20 years on? Gold +525%, Housing +78% (UK), Medical +67% etc25 Apr 2021 00:38
Are we doing alright or what? There is so much bunkum around, I thought I would have a look at some figures in the public domain, over a 20 year period.
Step 1: What is CPI?
CPI stands for Consumer Price Index. CPI is often used interchangeably with inflation because CPI measures the change in prices over time that consumers pay for goods and services.
The Consumer Price Index (CPI) is a measure of the average change over time in the prices paid by consumers for a market basket of consumer goods and services
The issue with using CPI to gauge inflation is that it is a basket of goods and services. It is what is included and not included in this basket that causes issues.
CPI puts expenditures into 8 majors groups: food and beverages, housing, apparel, transportation, medical care, recreation, education and communication, and other goods and services.
It does not include investment items, such as stocks, bonds, real estate, and life insurance.
How inflation impacted investment items
It seems we’re paying 56.3% more overall for items since 2000. The purchasing power of money is shrinking. OK
But none of these components have increased as much as investment items such as real estate and stocks, which are not included in inflation (CPI) calculations.

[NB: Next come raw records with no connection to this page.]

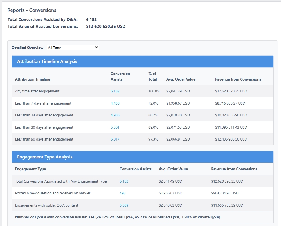 So we'll report back on the time line between the Q&A engagement and the sale, the percentage of your published Q&A's that have conversion attribution, and many more details that are valuable fro you to know about. We'll highlight a few of these items based on the above example and communicate what's notable about them.
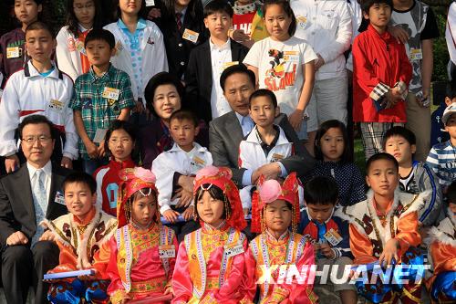 不一會兒,李明博總統(tǒng)攜夫人金潤玉一起走來,孩子們迎上前去。李明博一眼就認出了他在大地震發(fā)生后不久訪問四川時曾抱過的魏月濠小朋友。李明博撫摸著魏月濠的頭,親切地說:“長大了不少。”
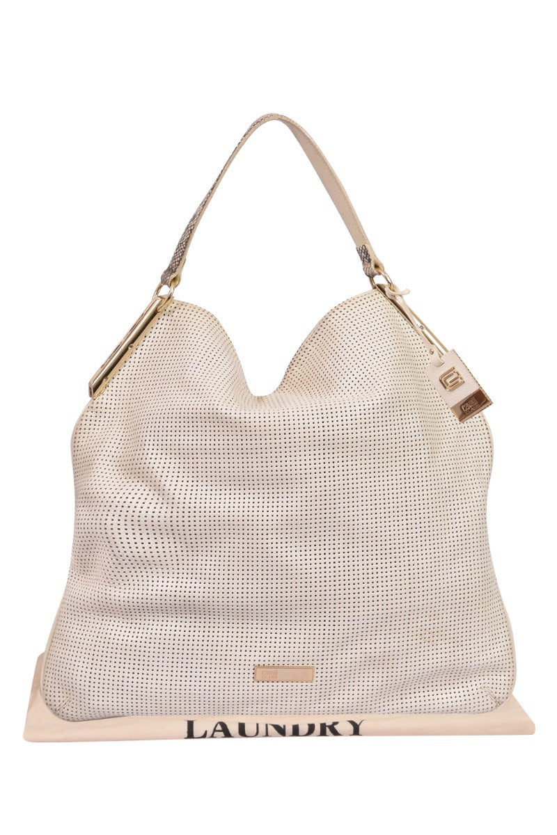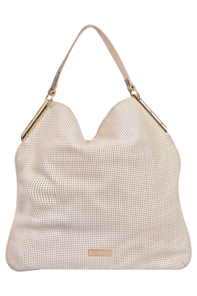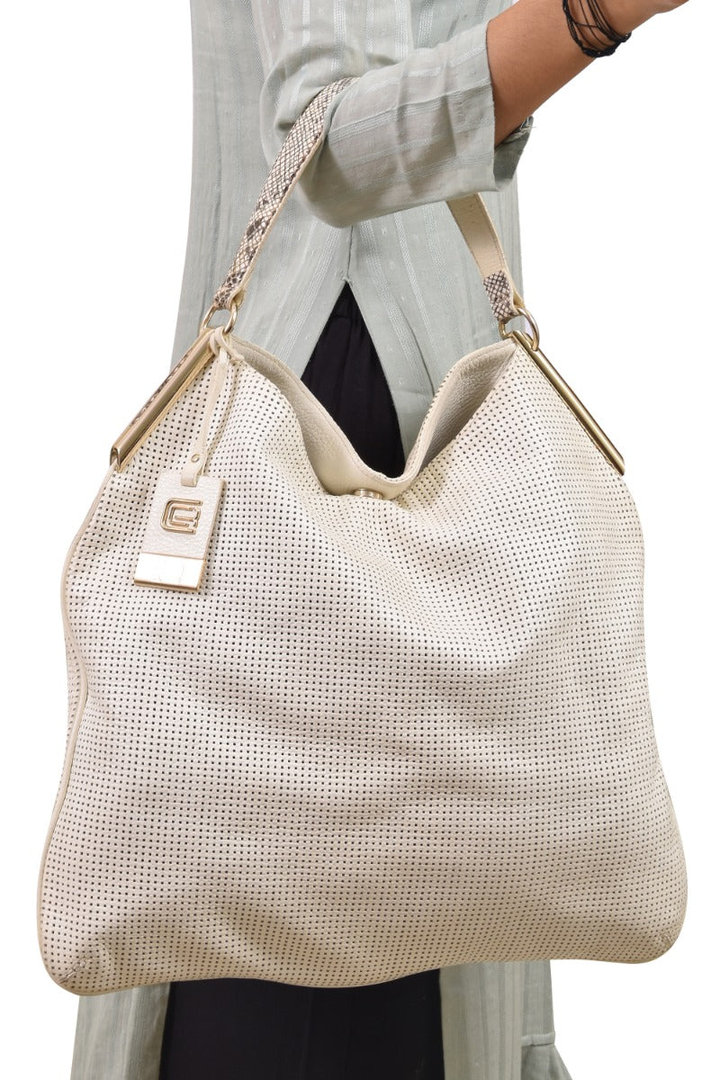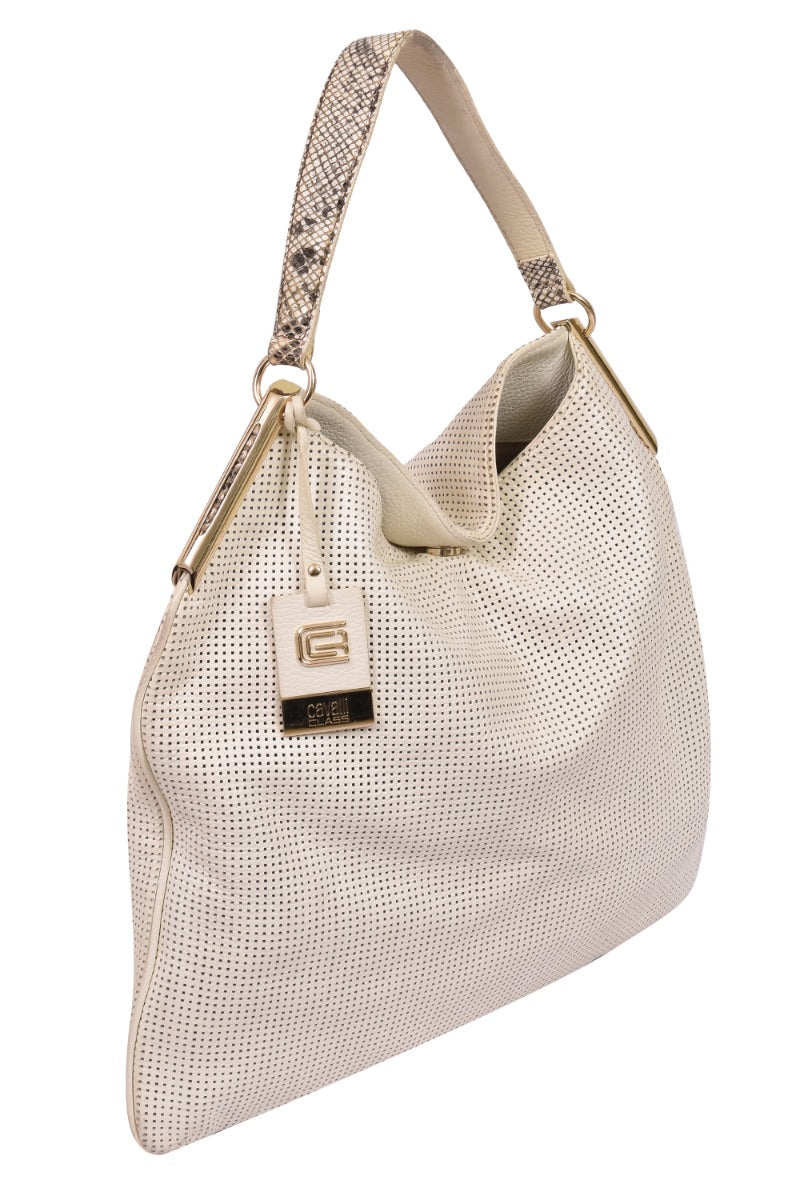 Cavalli Class White Perforated Leather Hobo Bag comes in this Stunning White color .It falls under our Good Condition Category

Since 2000, the S&P 500 is up 181% (from $1,469.25 to $4,128.80) and the average home price is up 110% (from $165,300 to $346,800.) ... 78% in UK...
In Australia, same period
Sydney 102%
Melb 131%
Darwin 60%
Canberra 151%
Brisbane 98%
Perth 88%
Adelaide 119%
So if these two categories were included in CPI’s calculation, inflation would be much higher each year.
[The other way of looking at this is that best not to keep cash in the basement }
So in short inflation is higher than the CPI number.

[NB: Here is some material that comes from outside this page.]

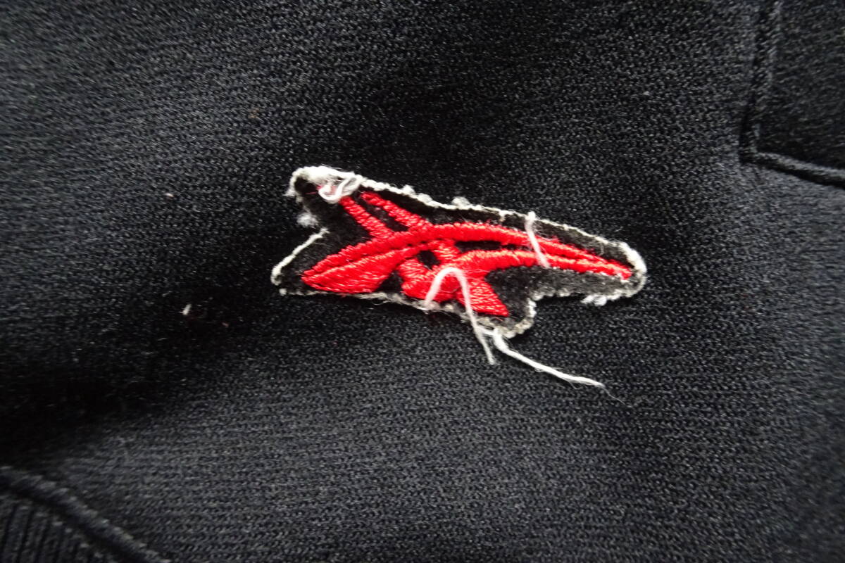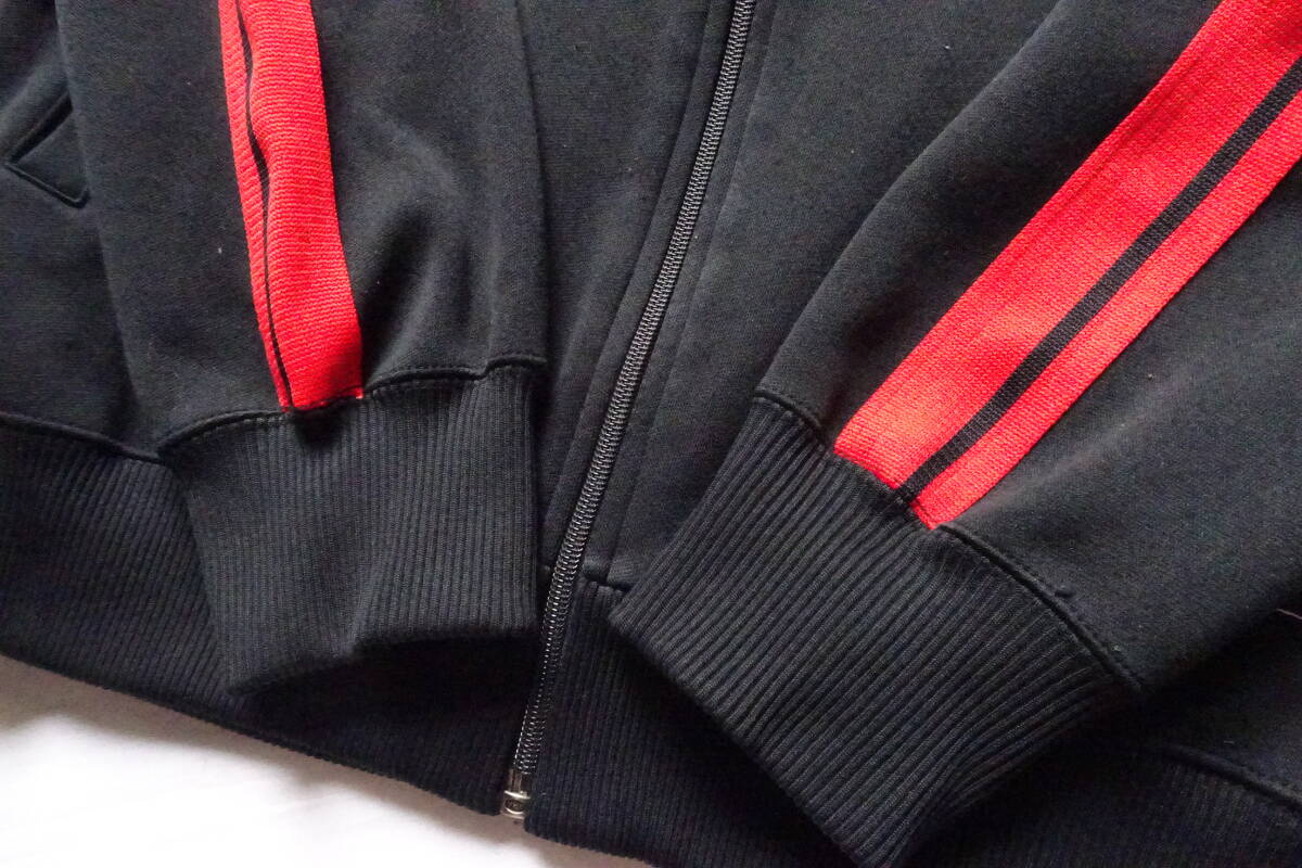 肩から袖にかけて、赤、黒ラインテープ生地切り替えです。

I don’t know what the “true” CPI number would be if you include investment items. Salary 2–3% annually, are you really staying ahead of inflation or are you losing purchasing power?
If real estate and stocks are the simple strategies to get rich, we should all follow suit...or do we invest in something else?
The Federal Reserve?
The federal reserve control the United States monetary system. And since the US went off the gold standard in 1971 their impact has been sensational.

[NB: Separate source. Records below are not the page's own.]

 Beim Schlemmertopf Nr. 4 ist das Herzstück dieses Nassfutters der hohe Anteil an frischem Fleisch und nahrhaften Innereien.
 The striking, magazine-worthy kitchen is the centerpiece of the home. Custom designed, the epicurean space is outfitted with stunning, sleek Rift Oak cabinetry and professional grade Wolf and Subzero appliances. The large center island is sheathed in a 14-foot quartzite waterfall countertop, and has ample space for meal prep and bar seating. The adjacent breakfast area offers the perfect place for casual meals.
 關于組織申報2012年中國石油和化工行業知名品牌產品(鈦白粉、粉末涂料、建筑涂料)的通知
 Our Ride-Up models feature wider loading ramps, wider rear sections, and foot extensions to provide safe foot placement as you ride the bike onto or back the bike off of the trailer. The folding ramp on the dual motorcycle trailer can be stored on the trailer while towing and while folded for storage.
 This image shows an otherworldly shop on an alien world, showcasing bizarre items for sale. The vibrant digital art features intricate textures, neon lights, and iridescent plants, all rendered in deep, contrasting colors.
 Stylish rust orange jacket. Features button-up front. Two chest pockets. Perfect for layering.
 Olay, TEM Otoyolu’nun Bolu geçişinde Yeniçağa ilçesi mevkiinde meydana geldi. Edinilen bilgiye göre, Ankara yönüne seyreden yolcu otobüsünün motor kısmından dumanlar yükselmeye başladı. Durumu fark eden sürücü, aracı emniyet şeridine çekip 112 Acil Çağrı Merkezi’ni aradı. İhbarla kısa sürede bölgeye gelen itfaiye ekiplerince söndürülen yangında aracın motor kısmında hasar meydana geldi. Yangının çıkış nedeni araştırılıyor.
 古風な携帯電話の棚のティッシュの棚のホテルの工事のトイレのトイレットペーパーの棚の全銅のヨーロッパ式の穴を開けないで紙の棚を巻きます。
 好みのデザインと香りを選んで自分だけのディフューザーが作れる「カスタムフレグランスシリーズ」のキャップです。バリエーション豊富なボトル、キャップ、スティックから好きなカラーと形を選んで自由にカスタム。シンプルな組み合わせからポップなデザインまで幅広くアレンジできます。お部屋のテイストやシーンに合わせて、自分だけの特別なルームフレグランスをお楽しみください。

The Fed, directly or indirectly, inflates the prices of investment assets. As a result, “the rich get richer.”
A while back I stumbled across a website, https://wtfhappenedin1971.com/
Its worth a careful look, and do your own research! -> Dont keep $ in bank
It provides a variety of graphs displaying the impact going off the gold standard has had on the economy. Two of the best graphs show the impact it has had on income by percentile.
The other thing you can look at is the POG. In 2000 about $280/oz, Now $1750. That’s 525% increase.
You chose…
Interested in what you think!
Celebrating ANZAC today. Started in Gallipolli. Led to the wrong beach by the elites, and we don't seem to learn?